The overhaul measure is to go before the House Human Services Committee Wednesday. The committee is chaired by former FBI agent David Howard, R-Park City, who has strongly supported a full repeal, saying the marijuana industry is a criminal risk, giving gangs and cartels free reign in the state.

The bill is a product of a last-minute Senate effort to put together an overhaul proposal, and it’s already undergone major changes while clearing the Senate.

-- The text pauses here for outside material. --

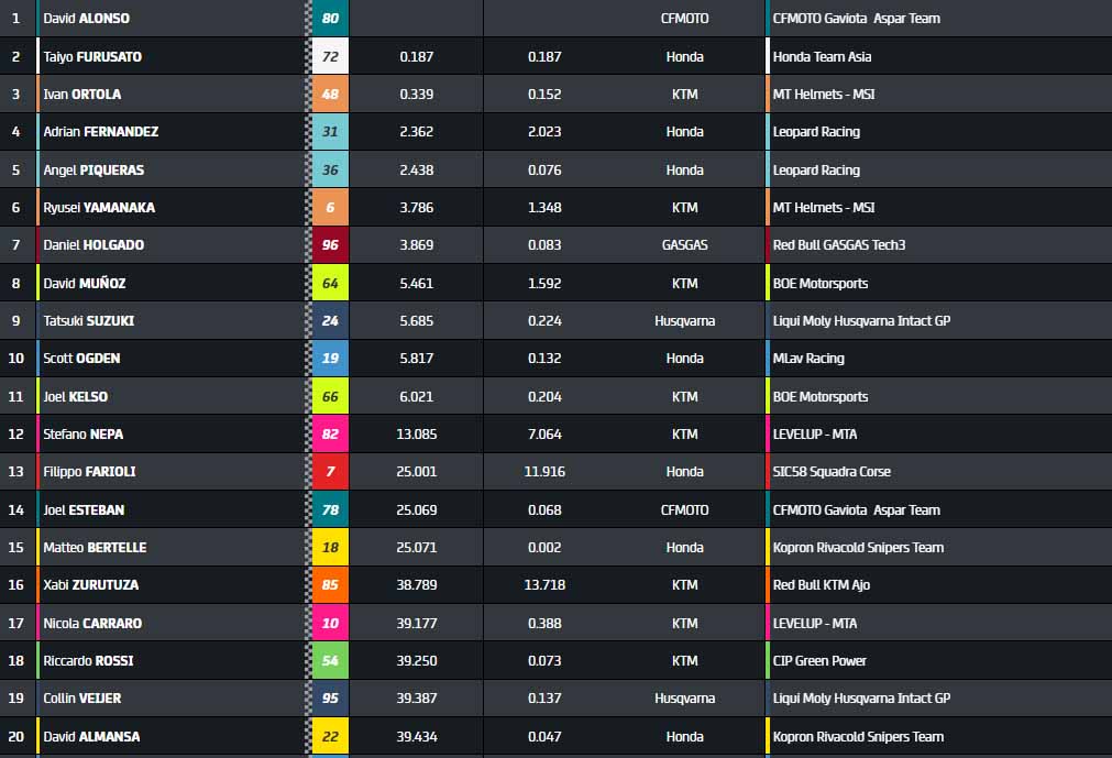 David Alonso remporte une victoire énorme, intelligente, devant un méritant Taiyo Furusato et un exceptionnel Ivan Ortola, revenu de nulle part. Adrian Fernandez et Angel Piqueras complètent le top 5, alors que Daniel Holgado, septième, continue de perdre du terrain.

Essmann, other lawmakers and bill supporters see the measure as a work in progress and expect many more changes now that the measure is in the House.

Some of the strongest advocates of repeal are in the House, and Republican leaders in the chamber have made it clear that they are skeptical of attempting to regulate the marijuana industry. But Republicans say they plan to work on crafting a regulation measure in case the governor vetoes their favored repeal proposal.

“If the governor won’t do what’s right and we have to ratchet it down, we have to ratchet it down as tight as possible,” Howard said.

Essmann’s measure had an embattled passage through the Senate chamber, with Democrats using the bill as flash point to make a statement about being excluded from the political process. Many Democrats said the measure was hastily put together and goes too far, possibly keeping the drug from people who need it.

Democratic senators withheld their votes on the measure, forcing the House to suspend their rules to keep the measure alive. The House voted 100-0 to do so.

The repeal measure, House Bill 161, was resurrected in the Senate and passed last week by a mostly Republican vote after most Democrats voted against the regulation measure.